TO DO>
Exactly the lines below starting at the line with "SMALL CROCHET TOTE" and ending at the line with "(She loved volunteering" are wanted, with both ends included. Leave out the pictures and add no other lines.

Items from a dataset
↓↓↓

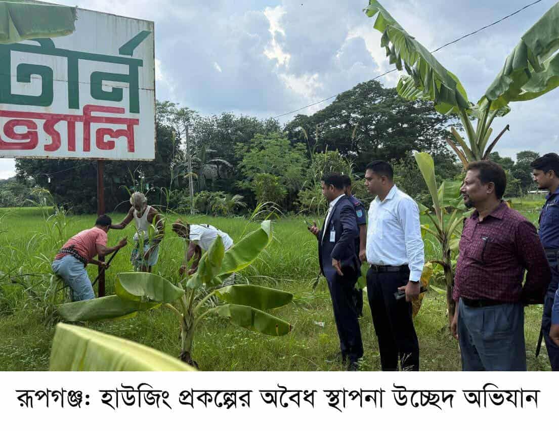 রাজউকের পূর্বাচল উপশহরের রূপগঞ্জ উপজেলার দাউদপুর ইউনিয়নের বাগলা এলাকার ইস্টার্ন ভ্যালি, পূর্বাচল সাউথ ইস্ট ভ্যালি, সিটি স্কয়ার হোম টাউন, গ্রিন আর্থ টাউন ও মাদানী টাউন নামক হাউজিং প্রকল্পের অবৈধ স্থাপনা উচ্ছেদ অভিযান পরিচালনা করা হয়েছে। ৭অক্টোবর মঙ্গলবার রূপগঞ্জ উপজেলা নির্বাহী অফিসার মোঃ সাইফুল ইসলাম এ অভিযানের নেতৃত্ব দেন।
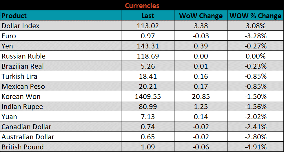 The CME Midwest HRC futures curve is below, with last Friday’s settlements in white. The entire curve continued its trend over the last three weeks and shifted lower. The 1Q23 is now trading at its lowest level since the contract began trading.
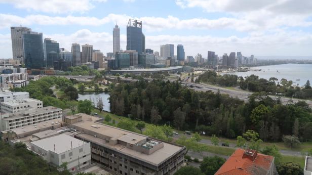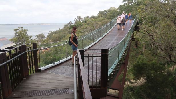 There was scarcely any traffic at all as it was a Sunday morning. Using the well laid out paths we navigated our way through the greenery to the foot of a large bluff that overlooks the city. The almost sub-tropical climate meant that the vegetation was quite lush and there were green trees and glossy-leaved shrubs everywhere. We knew from our old “golfing” friends, Richard and Heather, that Perth had an impressive Botanical Garden which was on the top of the bluff. There were gentle paths upwards, but we climbed an impressive modern steel staircase, known locally as Jacob’s Ladder. At the top of its 242 steps, which were also thronged with earnest young athletes just climbing and descending as their morning exercise, was a viewing point that made the climb well worthwhile.
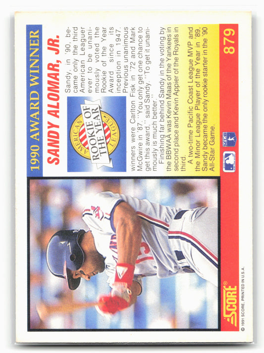 This is a nice example of a 1991 Score #879 Sandy Alomar, Jr. Other important information about this card:In 1991 Sandy Alomar, Jr. played for the Cleveland Indians.Please check out...
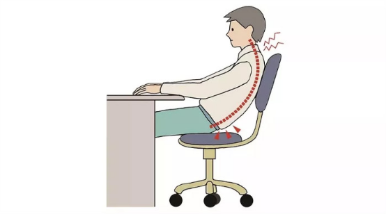 2.调整坐姿,胜于一切:长时间低头容易导致颈椎生理曲度反张(反向弯曲),所以,一个正确的姿势非常重要。最好能将桌椅高度作适当调移,前臂应与桌面平衡,并坐近桌子,让颈背保持挺直,坐姿时可头部略微向前倾斜,保持头部、颈部、胸部的正常生理曲线,避免缩起肩膀和颈椎。持续看电脑手机或连续低头工作超过1小时,需适当放松,活动颈部,起身行走片刻,以消除颈部的肌肉、韧带的过度劳损。
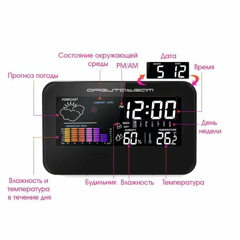 Метеостанция цифровая с часами орбита OT-HOM29 информация:
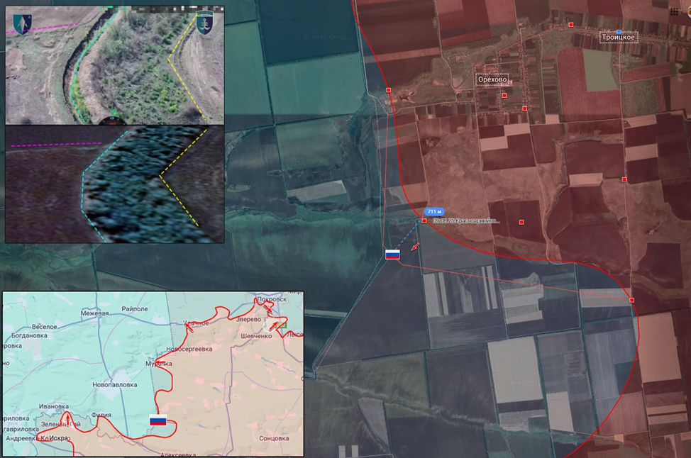 25.09.25 Красноармейск – Орехово. Позиционные боевые действия в районе Красноармейска. Передовая позиция ВС РФ на границе с Днепропетровской областью попала под обстрел ВСУ. ВС РФ расширили зону контроля на южном охвате Красноармейска около 700 метров
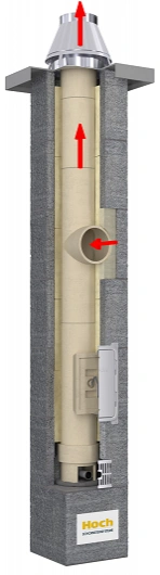 Cosul prefabricat universal Hoch® este potrivit pentru combustibili solizi, lichizi si gazosi, incluzand lemn, carbune, gaz, petrol si bricheta.
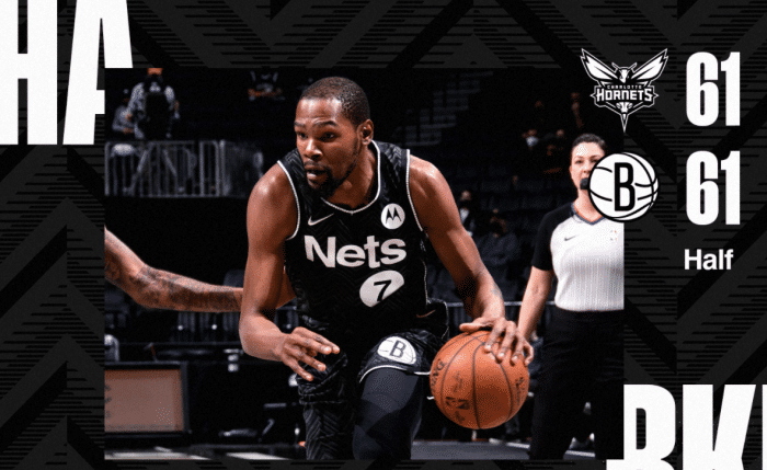 24直播网讯 北京时间4月17日,篮网主场迎战黄蜂,杜兰特复出,哈登继续因伤缺席。在上半场的较量中,黄蜂外线三分神准,尤其是布里奇斯,个人状态神勇,半场11中8高效砍下20分6板,得分直接创生涯半场新高!而被临时安排进入先发的新秀凯瑞也没有辜负主帅信任贡献13分,罗齐尔则是送出10分6助攻!凭借这3人的出色表现,黄蜂在上半场和篮网打成61平!
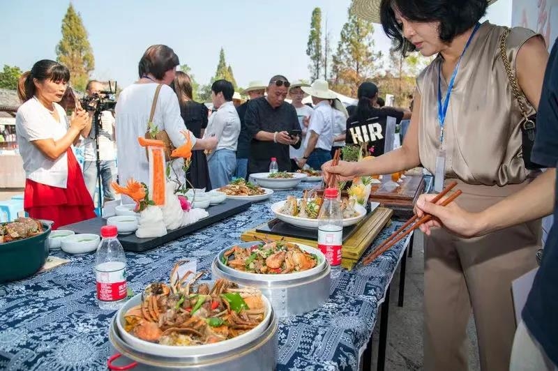 另一边,一场激烈的比赛也在同步进行。皮薄多汁的蟹黄灌汤包、造型别致的蟹黄太极羹、肉质酥软的蟹炖排骨……全民烹蟹宴大赛上,选手们铆足了劲,蒸炒煮炸,各显技艺。热气腾腾的大锅、起伏翻滚的各色美食,让人垂涎欲滴。专业评委与市美食发展中心的“吃讲师”们,以色香味型四个标准进行评判打分。
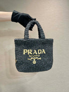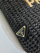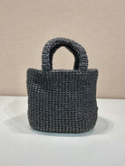 SMALL CROCHET TOTE BAG 24 IN BLACK MIX YELLOW RAFFIA
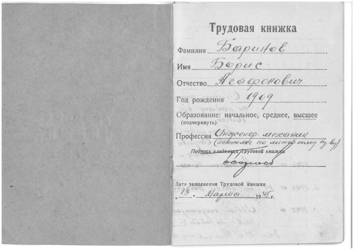 Keywords: Баринов Б. А., ТК, стр. 1.jpg ru Разво от т удовой книжки Семейный а хив Ба инов А Б 28 ма та 2015 года Barinov Boris Agafonovich Cc-zero
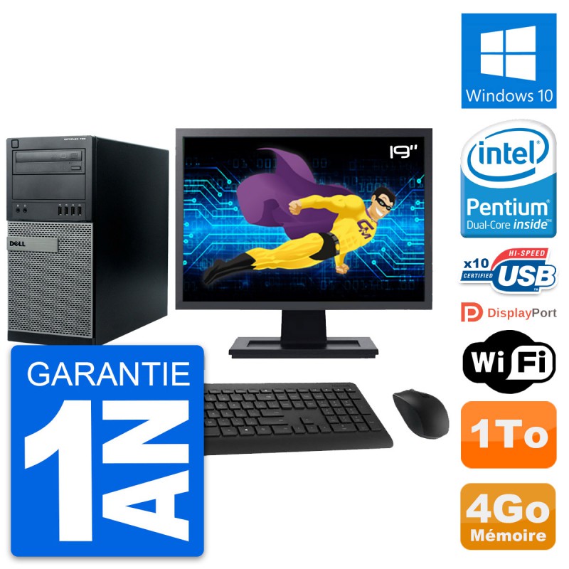 PC Tour Dell 790 MT - Intel Pentium Dual-Core G630 2.7 Ghz (3 Mo) - 4 Go DDR3 - Disque Dur 3,5" 1 To - Graveur DVD - Clef Wifi USB - Windows 10 - Livré avec Ecran 19" + clavier + souris (Marques et modèles variables) - Garantie 1 an.
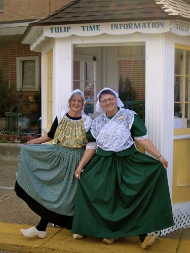 (She loved volunteering at the Tulip Time information booth each year. Here’s a picture of her – she’s on the left – with a pal in their full Tulip Time regalia.) (I sewed her costume, by the way.)
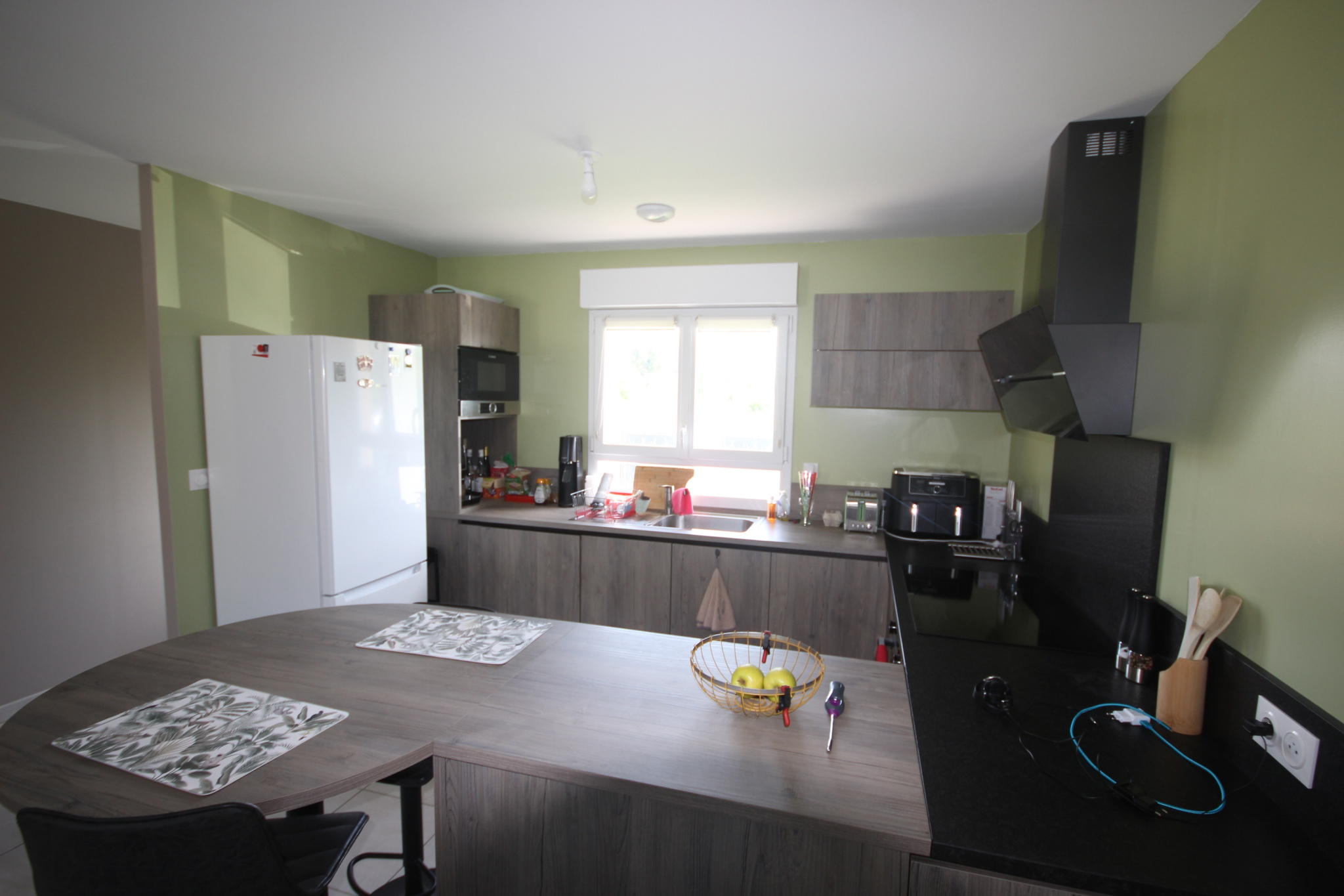 Elle comprend un séjour ouvert sur une cuisine américaine équipée, 3 chambres, une salle de douche, un wc, une buanderie et un garage.
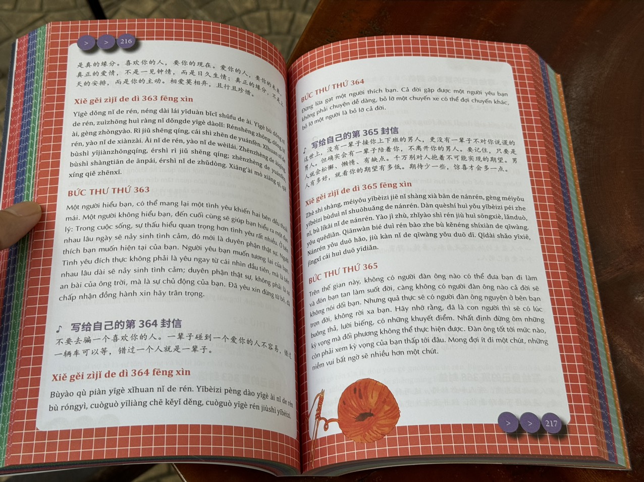 Giờ đây, nhằm đáp ứng nhu cầu của những độc giả có niềm yêu thích ngôn ngữ Trung Quốc, Vanvietbooks hân hạnh ra mắt “999 lá thư gửi cho chính mình” – Phiên bản Song ngữ toàn tập với đầy đủ 999 lá thư chỉ trong 1 cuốn sách duy nhất! Được lấy cảm hứng từ chiếc tủ sách – tượng trưng cho nguồn kiến thức dồi dào, mới lạ đang chờ đón bạn khai phá - từng trang sách chính là từng ô tủ chứa đựng những lá thư thân quen không chỉ mang tính truyền cảm hứng sống mà còn “đính kèm” cả Hán tự và phiên âm được trình bày khoa học, hợp lý và đẹp mắt, là một công cụ rất tốt để giúp bạn đọc rèn luyện và nâng cao khả năng ngoại ngữ, trau dồi kiến thức, đúng với tiêu chí giúp bạn trở thành phiên bản hoàn hảo nhất của chính mình.
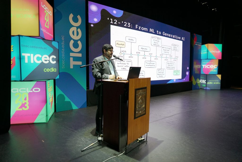 Xavier Ochoa, docente de la Universidad de Nueva York, abordó el tema «Analítica del Aprendizaje e IA: Oportunidades y Peligros», abordó diversas formas en que los modelos generativos, ya sea en texto, imágenes o audio, pueden ser utilizados para crear herramientas de analítica del aprendizaje.
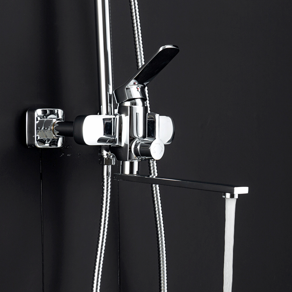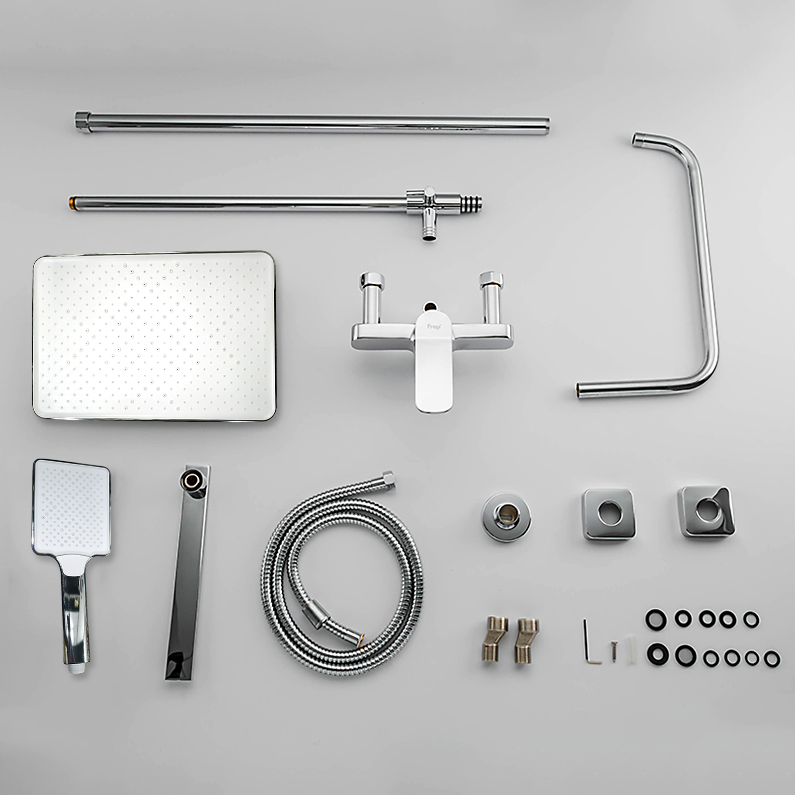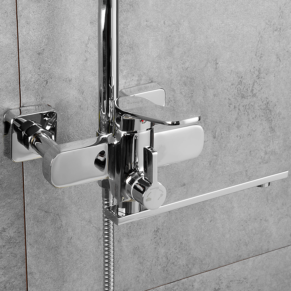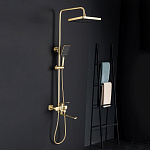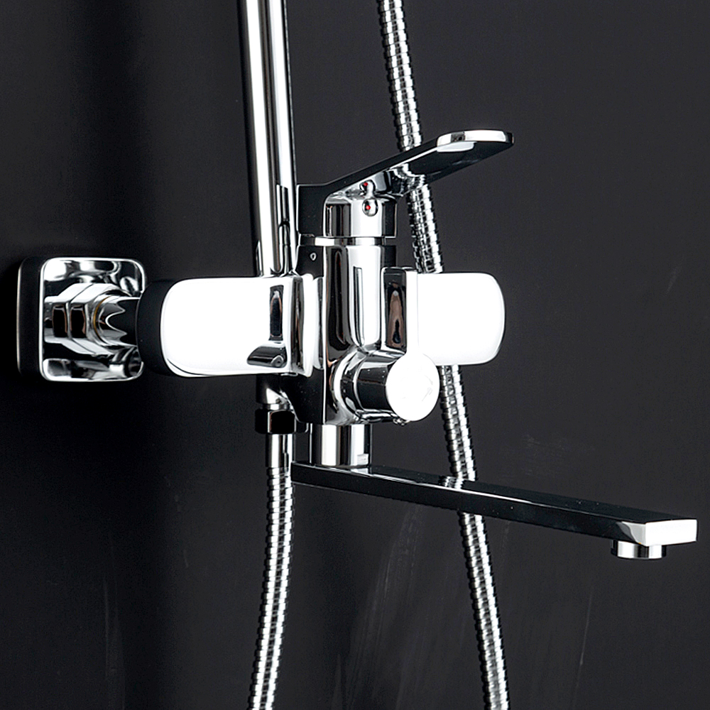 Комплектациясмеситель, душевая стойка, верхний душ, душевая лейка, душевой шланг, держатель для душевой лейки, настенный держатель, отражатели, эксцентрики
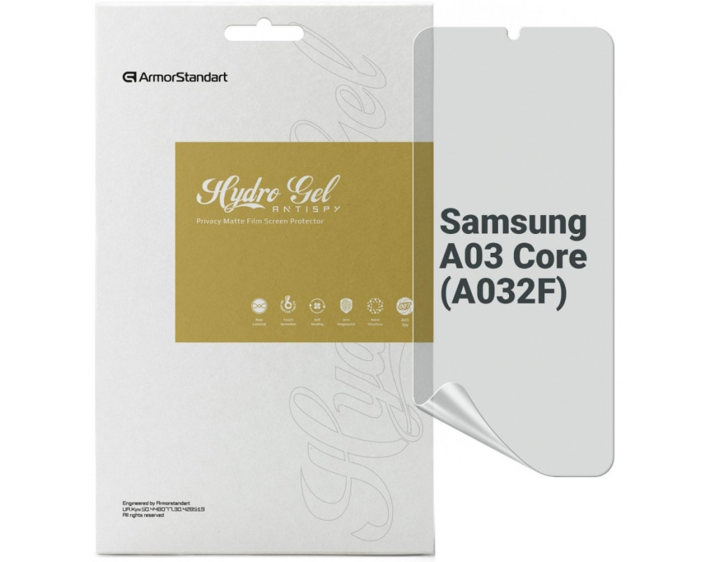 Назначение - для телефона, Вид покрытия - конфиденциальное, защитное, гидрогелевая, Совместимость с моделями - Samsung Galaxy A03 Core, Количество в упаковке - 1 шт
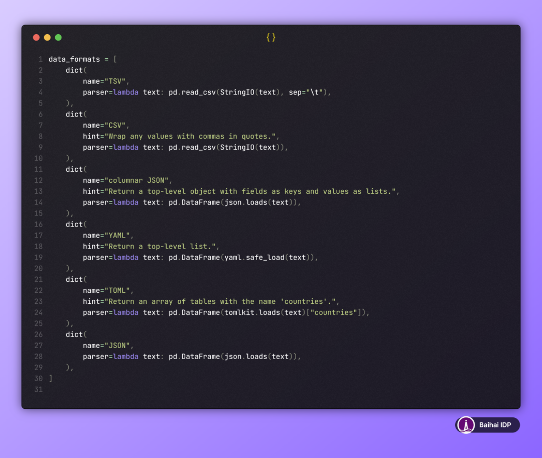 感兴趣的朋友,可以在这个 gist [1] 中查看完整的代码。对于不太感兴趣的朋友,这里展示了我如何为每种格式定义 name、可选的 hint 以及 parser(这里将所有数据解析成 Pandas DataFrame):
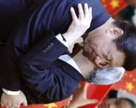 Chỉ cần nhìn hai bức ảnh trên : ông Tổng bí thư Nguyễn Phú Trọng ôm hôn ông Tập Cận Bình sắp làm hoàng đế nước Trung Hoa đỏ (nép vào, ẩn vào khuất cả mặt) trong một rừng cờ Trung Cộng do bộ ngoại giao Việt Nam may còn mới tinh trong lễ đón tiếp ông này tại Hà Nội: một sao to: HÁN cộng thêm bốn sao nhỏ cũ : TẠNG-HỒI-MÔNG-MÃN thêm sao nhỏ mới là sao VIỆT NAM (theo thỏa thuận Thành Đô 1990?) là lá cờ năm sao. Ngay cả cờ Trung Cộng trên đài truyền hình Việt Nam cũng là lá cờ đã sát nhập Việt Nam vào lãnh thổ Trung Hoa , cờ một sao HÁN to cộng với bốn sao nhỏ cũ (TẠNG HỒI MÔNG MÃN) và một sao nhỏ mới tinh (VIỆT NAM) do nhà cầm quyền Việt Nam (Đảng Cộng sản Việt Nam) tự nguyện thêm vào một sao nhỏ mới trên lá cờ NƯỚC LẠ, đặng xóa biên giới Việt Trung trước khi chủ nghĩa xã hội thành công (tỉ năm nữa mới…có thể… thành công ?) …

↑↑↑

RESULT FOR THIS EXERCISE>
 SMALL CROCHET TOTE BAG 24 IN BLACK MIX YELLOW RAFFIA
 Keywords: Баринов Б. А., ТК, стр. 1.jpg ru Разво от т удовой книжки Семейный а хив Ба инов А Б 28 ма та 2015 года Barinov Boris Agafonovich Cc-zero
 PC Tour Dell 790 MT - Intel Pentium Dual-Core G630 2.7 Ghz (3 Mo) - 4 Go DDR3 - Disque Dur 3,5" 1 To - Graveur DVD - Clef Wifi USB - Windows 10 - Livré avec Ecran 19" + clavier + souris (Marques et modèles variables) - Garantie 1 an.
 (She loved volunteering at the Tulip Time information booth each year. Here’s a picture of her – she’s on the left – with a pal in their full Tulip Time regalia.) (I sewed her costume, by the way.)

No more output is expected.